Is this post mostly against Minecraft? I can't imagine too many other games with randomly generated content that are worthy of this post.

July 5, 2012 | Unregistered CommenterBryan Rosander

@Bryan Rosander

I do have a great appreciation for random elements in games. I didn't think I said anything against randomly generated levels in this post. Though I think hand designed levels are better as well, I do enjoy some games with randomly generated levels.

I don't consider Tetris to have randomly generated levels as far as level design goes. Rather, it's a challege in a fixed level that gives you a random sequence of pieces to work with.

Though I don't think Minecraft is much of a game as far as level design and skill-based challenges go, it's still a neat product. It's one of my favorite games that I don't want to play, as I often say.

The problem I have with Minecraft is that the player makes up the goals for him/herself. It's really a lot like Animal Crossing in that it's a virtual world with its own rules and you do whatever you want to have fun inside this world.

My problem is for open games, by putting the player in charge a designer gives up too much. At least too much of the things that i like most about games and gameplay.

Does that help clear things up?

It just needs to be more clear who and what you are criticizing.

The only game you actually mention is Minecraft, so that provides the context. Is this the Skyrims, Dragon Age, Borderlands, Grand Theft Auto IV and so on? Bioware's choose to be good or bad story segments, multitude of sidequests, and gigantic worlds?

Obviously, you aren't criticizing everything in them if they are your targets. I do remember a quote from someone who said that they aren't able to devote as much care to individual parts of the world when they make the world so large.

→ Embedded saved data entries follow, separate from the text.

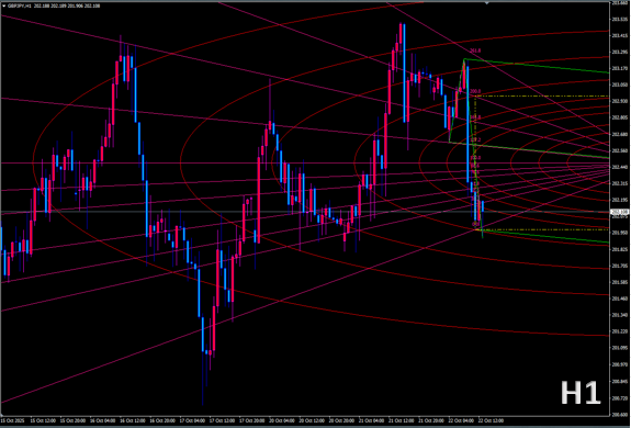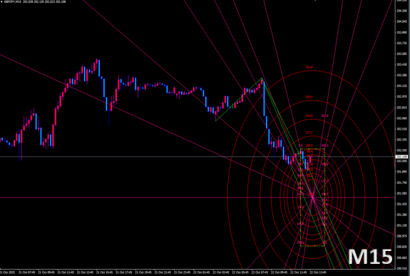 - 黄金比の角度線(フィボナッチ・ファン)で時間の転換リズムを予測。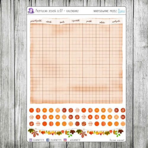 Kalendarz miesięczny, uniwersalny (z dodatkową linią). Do kompletu numery dni na wzorzystych kropkach, kilka pustych kropek oraz girlanda z liści. :)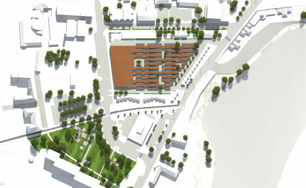 A meglévő vásárcsarnok és a keleti telekhatáron álló irodaépület, valamint hozzávetőlegesen 3200 m2 beton térburkolat elbontásra kerül.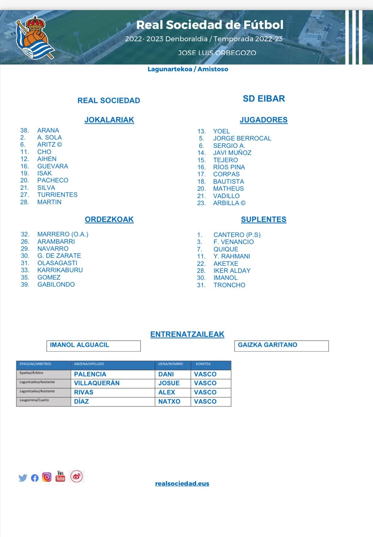El equipo de Imanol arrancará de Inicio con Arana en portería. La defensa estará compuesta por Gabilondo (que a última hora ha sustituido a Alex Sola que se ha lesionado en el calentamiento), Aritz, Pacheco y Aihen, mientras que en el centro del campo actuarán Guevara, Turrientes, Martín y Silva. Arriba, formarán Cho e Isak.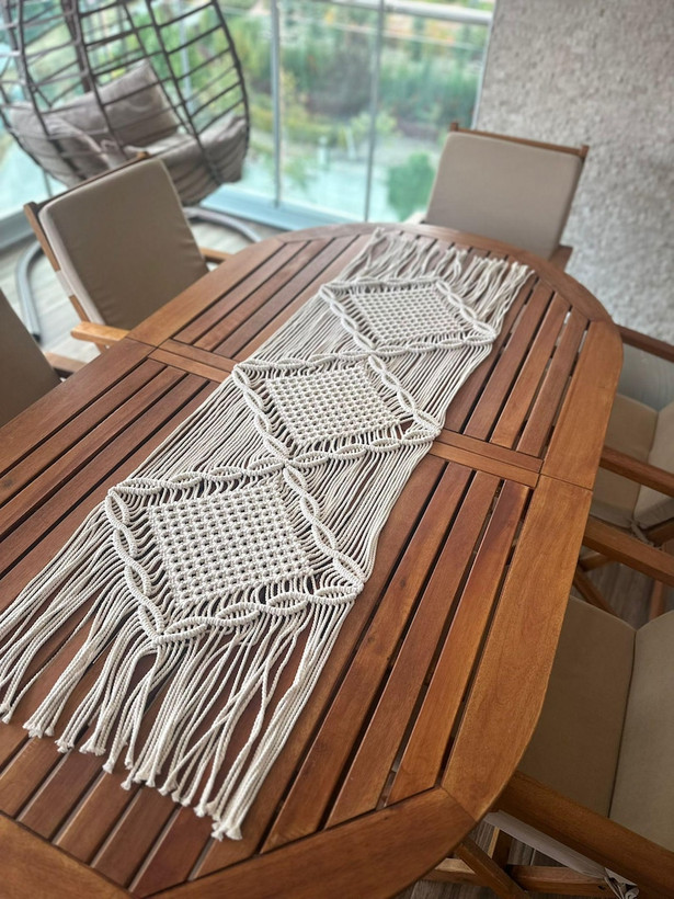 Macrame runner, flower and leaf rhombus model, color and size can be changed, order code 94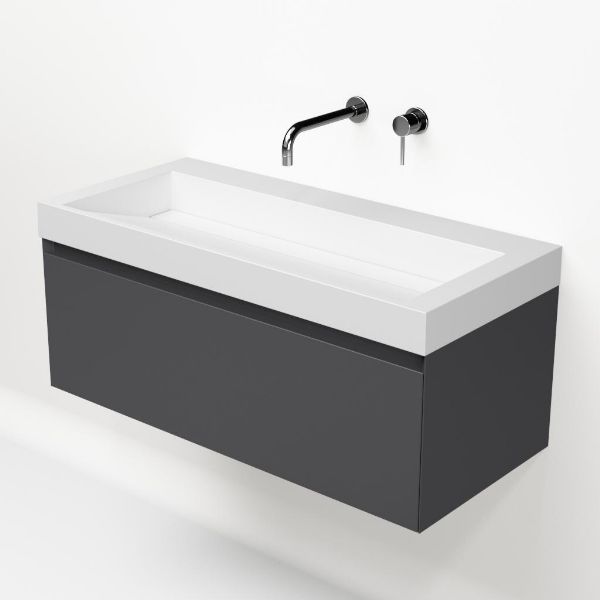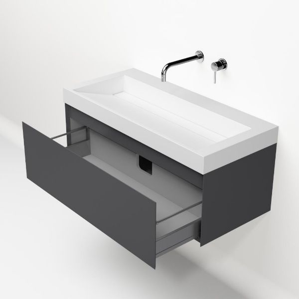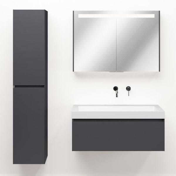 Greeploos badkamermeubel in de kleur antraciet mat is 100 cm breed. De wastafel is vervaardig in quartz en heeft de kleur wit mat keramiek. Dit badkamermeubel met deze wastafel is leverbaar tussen de 60 cm t/m 160 cm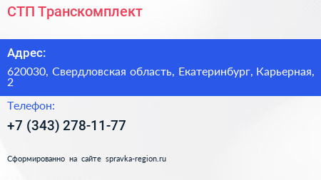 СТП Транскомплект по адресу 620030, Свердловская область, Екатеринбург, Карьерная, 2 в дальнейшем Организация, размещена в следующих категориях: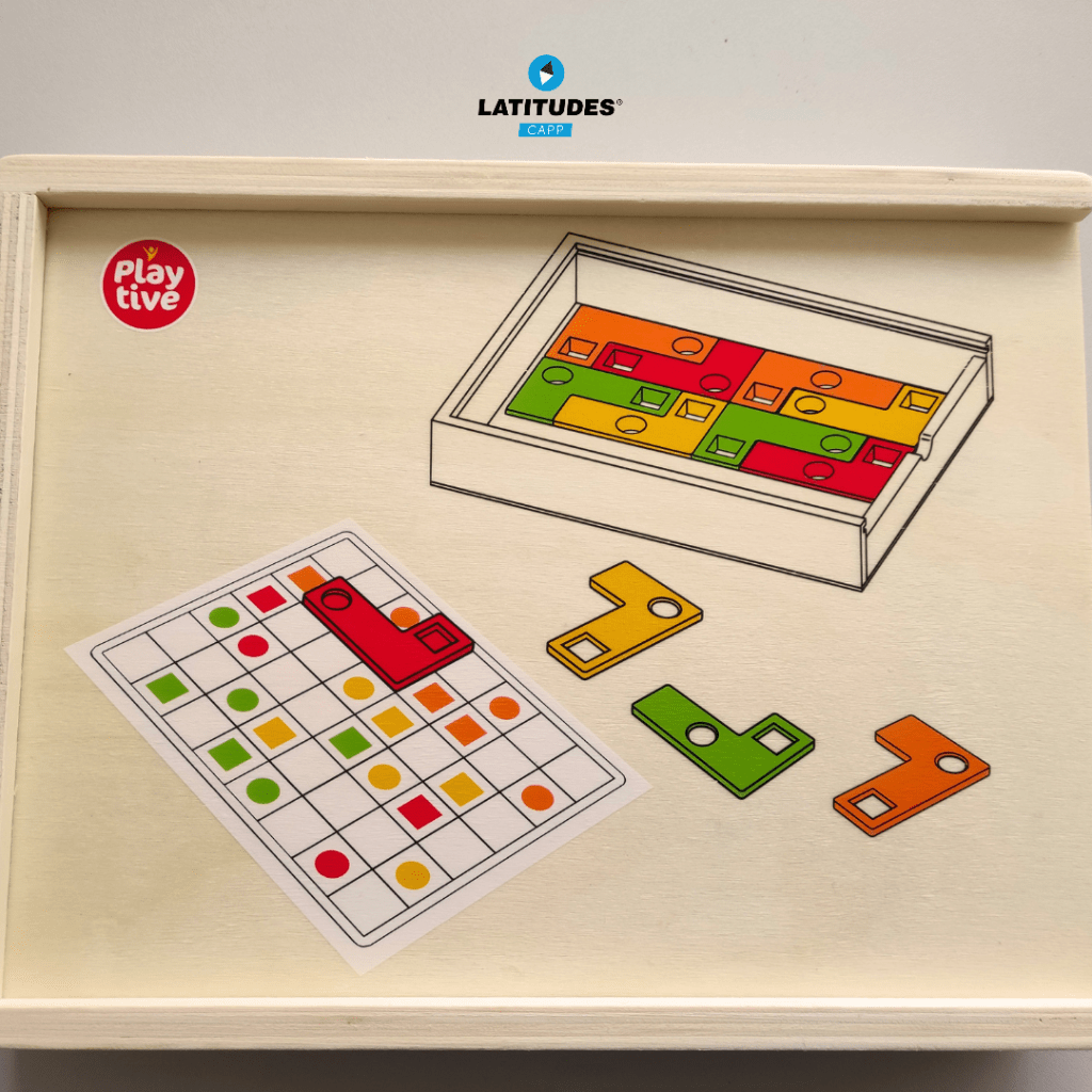 É um material visualmente apelativo, com cores suaves, de fácil utilização. As peças são de madeira, leves e de fácil manuseamento. Pode ser utilizado no dia-a-dia pelos pais para estimularem as crianças.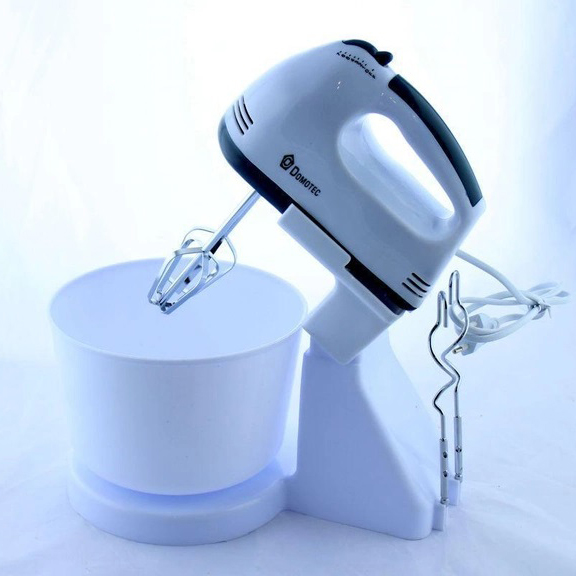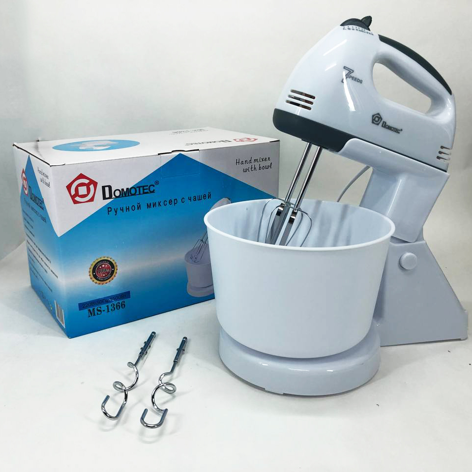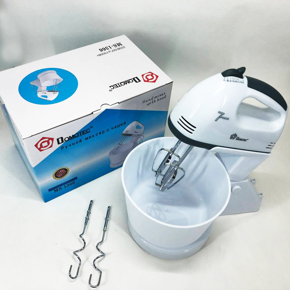 Миксер с чашей Domotec MS 1366 - очень удобный, легкий в использовании и очистке. Корпус миксера подставка и чаша изготовлены из пластика, а насадки из нержавеющей стали, продуманная до мелочей эргономика придает дополнительный комфорт в использовании данного миксера. MS 1366 имеет 7 скоростных режимов работы для взбивания продуктов различной плотности, его мощность позволяет легко взбивать яйца, соусы или бисквитное тесто. В комплекте Domotec MS-1366 имеется большая чаша, на которую легко устанавливается миксер, тем самым превращая его в стационарный прибор, что позволяет освободить руки на кухне. Также имеются два венчика для взбивания и дополнительные крюки для замешивания теста, что по достоинству оценят хозяйки, которые любят радовать свою семью различной выпечкой.

Can you lose in some way in Animal Crossing? Like if you can't pay back your loan or something? What consequences does it have?

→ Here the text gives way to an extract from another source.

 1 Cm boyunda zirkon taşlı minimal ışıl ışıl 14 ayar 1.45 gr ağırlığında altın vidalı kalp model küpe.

Also, I see a lot of people playing Minecraft on Custom maps. There is one map with a minimal amount of resources on an island. You are meant to stay only on the island and play hardcore. Growing a tree to get the basic wood for tools, workbench, and a toolbox is much more important.

There is another map in the sky, where you have to travel across the floating continents and get to the nightly outposts.
There are other levels with finding keys, dungeons, and so on.

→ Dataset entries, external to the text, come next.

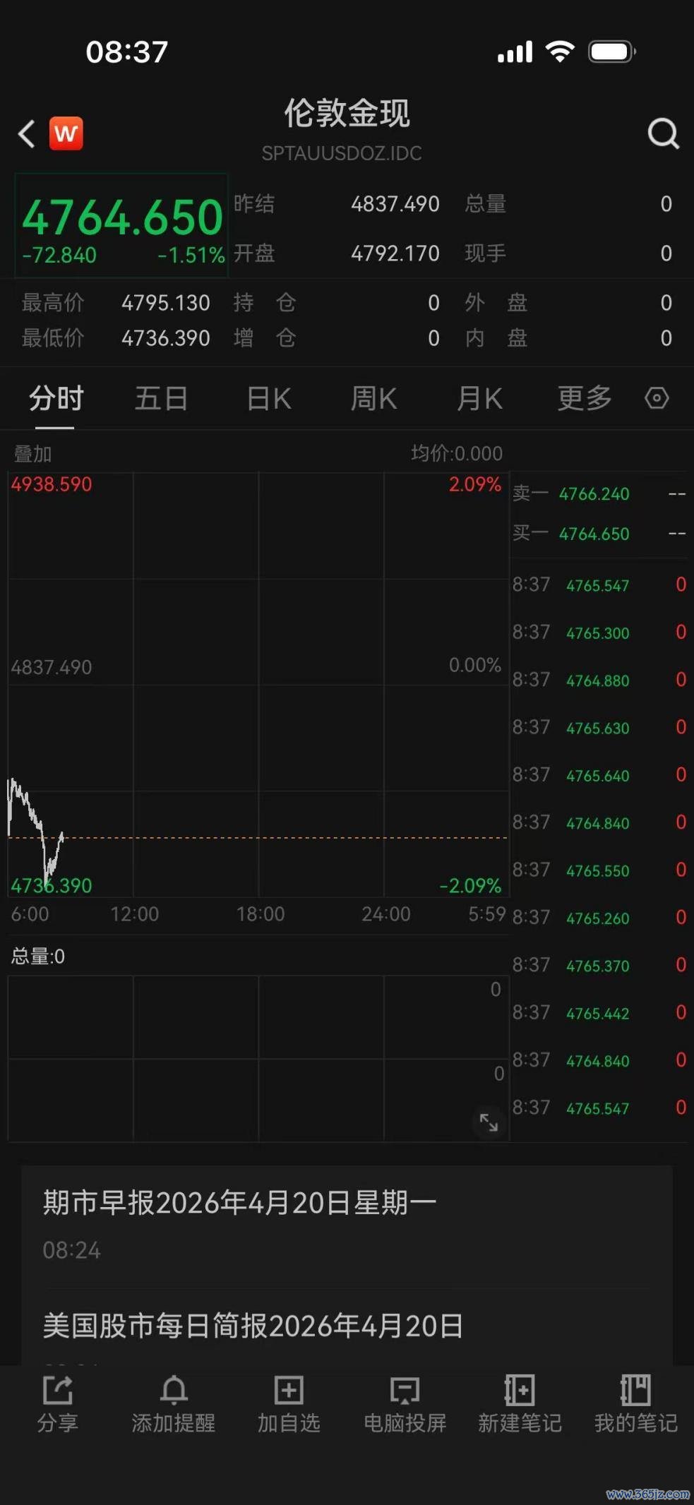4月20日早盘,国际金价大幅低开,最低触及4736美元/盎司附近,截至发稿时,仍然大跌1.51%,交投于4764.650美元/盎司。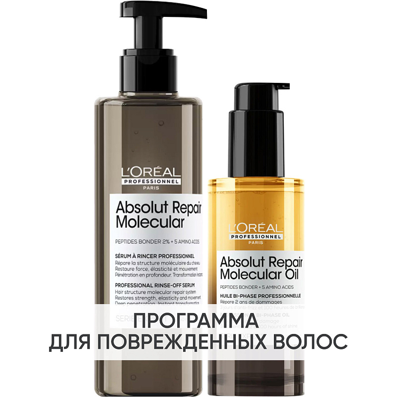 ПРОГРАММА КОМПЛЕКСНОГО УХОДА L'Oreal Professionnel Absolut Repair Molecular для поврежденных волос. Комплексный уход представляет собой дополняющие друг друга средства, совместное использование которых будет максимально эффективным. Первым шагом программы является базовый уход (очищение + питание).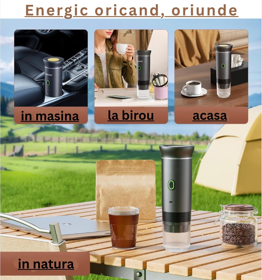 Espressorul portabil îți oferă libertatea de a prepara o cafea fresh oriunde: la birou, în mașină, în drumeții sau în vacanță. Este ușor, compact și extrem de simplu de folosit — tot ce ai nevoie este cafea măcinată sau capsule și puțină apă.

July 6, 2012 | Unregistered CommenterBryan Rosander

@Bryan

There's no criticism here about Minecraft. I listed it as an example of a game with large virtual environments that can be explored. It's an example of a game that satisfies the desires of gamers who like to explore.

The point is, all design decisions come at a cost. There's give and take for every decisions, and openness generally comes at the cost of control, challenges, and the kind of complex ideas that are conveyed through gameplay.

For large open games, it's not about working with the limitations of development resources. It's about understanding that the very design of openness has limitations.

There's no way to lose in Animal Crossing in terms of the overarching goal of paying off your load. How you make money and what you decide to do is up to you. Because of the real-timed design of the virtual events, sometimes you can lose out on opportunities. Unless you sell something or throw it away, there really aren't any consequences.

I'm aware of the custom maps and custom games people are making inside of Minecraft. Some are platforming challenges. Others are puzzles. Others are multiplayer battle arenas. The point is, the players had to decide to play by these new rules or code these new conditions into the system to turn it into a game. It takes a lot of play added structure to put gameplay into such an open system. Out of all the videos I've seen, I wouldn't call any of the custom game maps good.